Drachenherz

Diese Gang perspektivloser Jugendlicher aus dem fiktiven Städtchen Deutschhagen könnte uns auch draußen vor der Tür irgendwo in Neukölln begegnen, einem Bezirk mitten im Umbruch, weg vom Schmuddel-Image des Problembezirks, hin zum Gentrifizierungs-Hotspot, in dem junge Hipster aus aller Welt zusammenkommen.

Freitag nach eins wissen die Jungs um Günni (Florian Heinke) nichts mit sich anzufangen und auch nicht wohin mit ihrer überschüssigen Energie: Der junge Tunesier Nasir (Tristan Giovanoli), den sie als „Abi-Ali“ verspotten und dem sie sich weit unterlegen fühlen, da er das Gymnasium besucht, ist das perfekte Opfer zum Geld-Abziehen.

Der Minderwertigkeitskomplex der Gang wird noch dadurch geschürt, dass plötzlich der blonde Modellathlet Fred auftaucht, der Jenny (Nicola Kripylo), der Schwester des Gangleaders, den Kopf verdreht und die anderen Jungs mit seinem sehr definierten Sixpack neidisch macht. Dieser Jung-Siegfried wird von Denis Riffel mit Irokesenschnitt verkörpert, dem man seine Trainingseinheiten als ehemaliger Taekwondo-Kämpfer deutlich ansieht.

Aber auch das restliche Ensemble dieses starken UdK-Jahrgangs muss sich nicht verstecken, weder athletisch noch tänzerisch. Das große Plus von „Drachenherz“ ist seine testosterondampfende, überschießende Energie. Es ist eine Freude, dem talentierten Nachwuchs dabei zuzuschauen, wie sie sich in Breakdance- und Hiphop-Choreographien austoben, die sie mit ihrem Professor Peter Lund und Neva Howard einstudieren.
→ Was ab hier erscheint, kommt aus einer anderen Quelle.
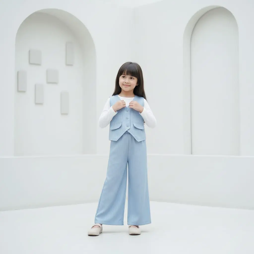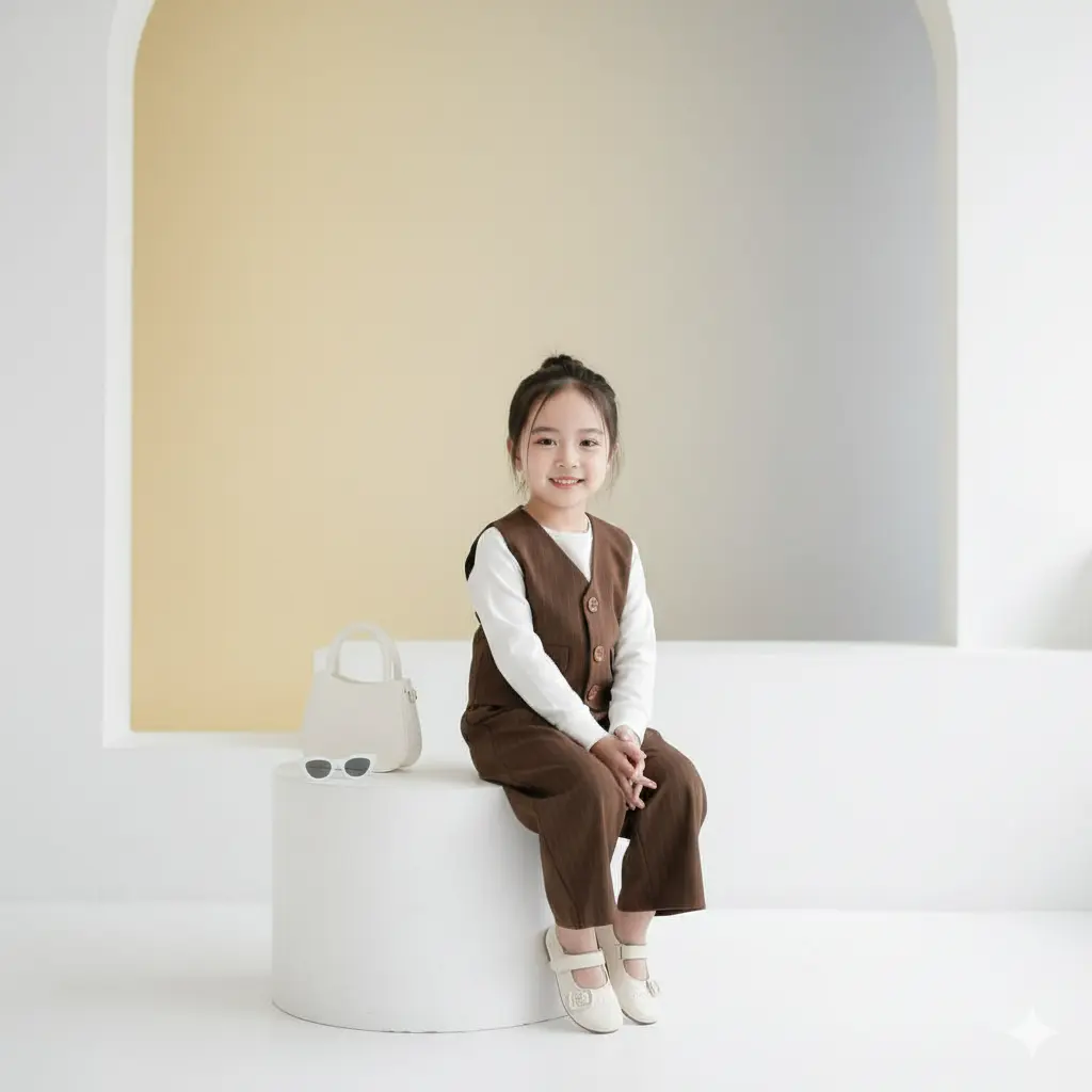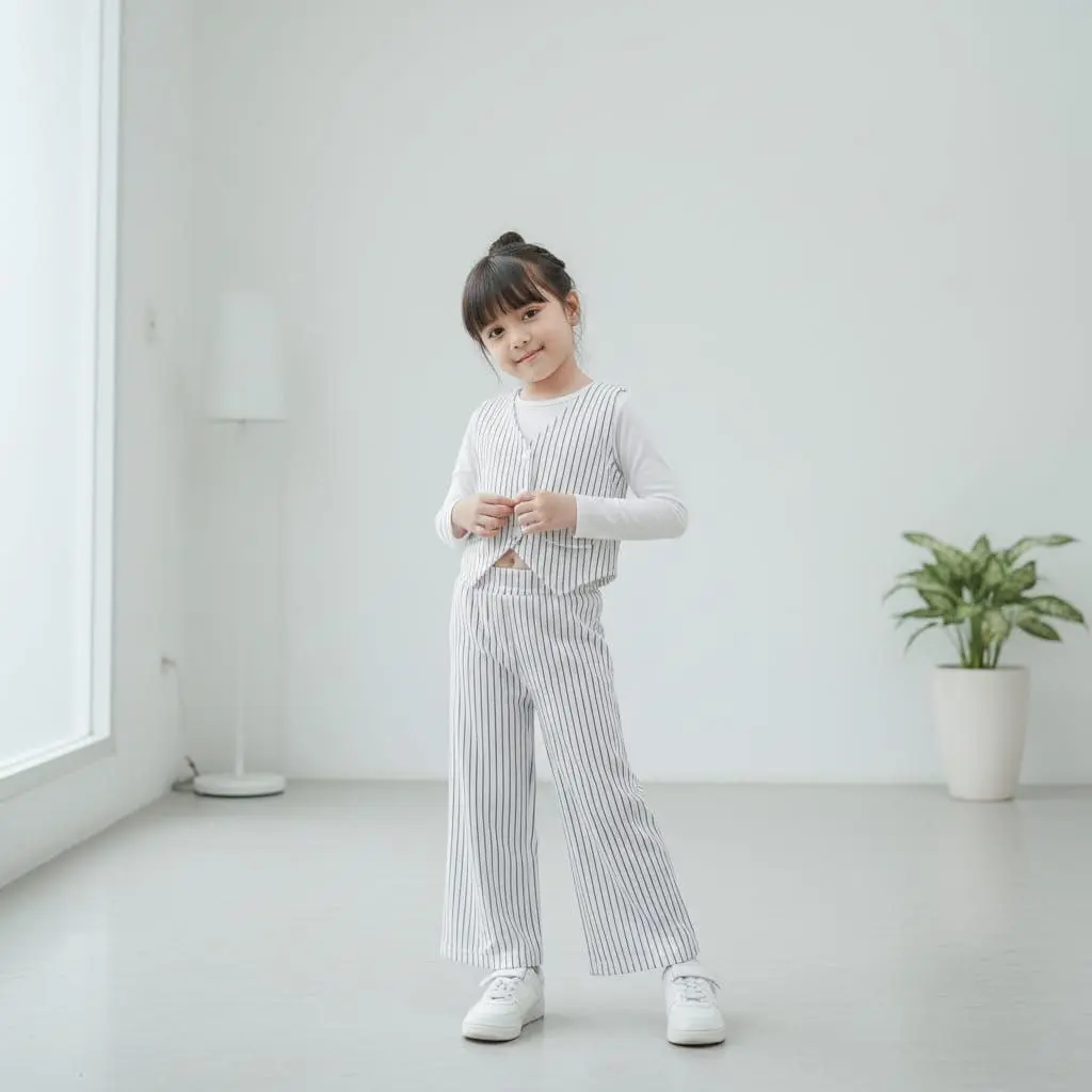 ·Gaya Korean Style: Dengan gaya Korean style, setelan ini memberikan tampilan yang modis dan menarik. Sesuai untuk anak-anak yang suka tampil cantik.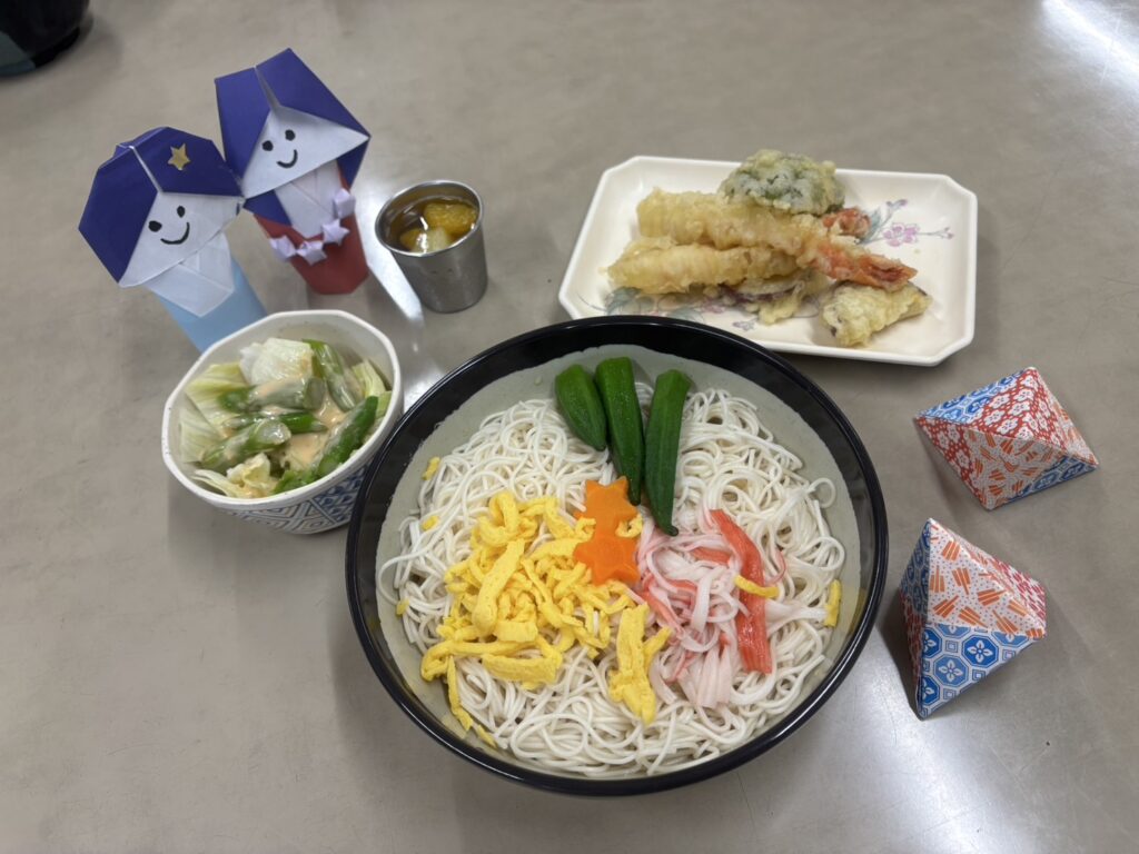七夕そうめんに、天ぷらの盛り合わせ、七夕フルーツゼリーとアスパラサラダです。

Es macht ihnen sichtlich Spaß, sich in ihre Rollen zu werfen, und diese Freude am Spiel überträgt sich auch aufs Publikum.

Der Abend lebt vom Zusammenspiel ganz unterschiedlicher Charaktere: Als Gegenpol zum Kraftsportler Fred tritt „Brüning“ (Florentine Beyer) auf, die sich als einzige Frau in der Männer-Clique durchbeißen muss und die Jungs zum Schwanzvergleich antreten lässt. „Baktus“ und „Tropi“ (Karim Plett und Timo Stacey) sorgen mit ihrem komischen Talent in dieser sehr freien Bearbeitung der Nibelungensaga für die lustigen Momente.

Für die Neuköllner Oper sind die jährlichen Neuproduktionen, die Peter Lund jeweils mit dem 3. Studienjahr der UdK einstudiert, eine feste Tradition. Diesmal kam das Theater Chemnitz als Kooperationspartner hinzu. Dort hatte „Drachenherz“ schon im März Premiere.

Die Performance der jungen Energiebündel ist in „Drachenherz“ sehr gelungen. Der Plot, den Lund nach den Nibelungen rund um die Themen Freundschaft, Verrat und Fremdenhass gegen Woda (Ngako Keuni) schrieb, ist diesmal nicht so stringent wie seine Vorgänger-Arbeiten. „Kopfkino“ oder „Welcome to Hell“ waren inhaltlich fokussierter, „Drachenherz“ wirkt dagegen überfrachteter und an einigen Stellen so, als ob Peter Lund unbedingt noch weitere Motivstränge in den zweieinhalbstündigen Abend unterbringen wollte.

Der weniger stringente rote Faden ließ den Schauspieler*innen diesmal größere Freiräume, ihr Können in Soli, tollen Gruppen-Tanzszenen und einer sehr präzise einstudierten Chornummer vor der Pause zu zeigen. Trotz der inhaltlichen Schwächen ist „Drachenherz“ ein unterhaltsamer Abend mit „Agilität, Körperpower und Bums“, wie Kulturradio so treffend zusammenfasste.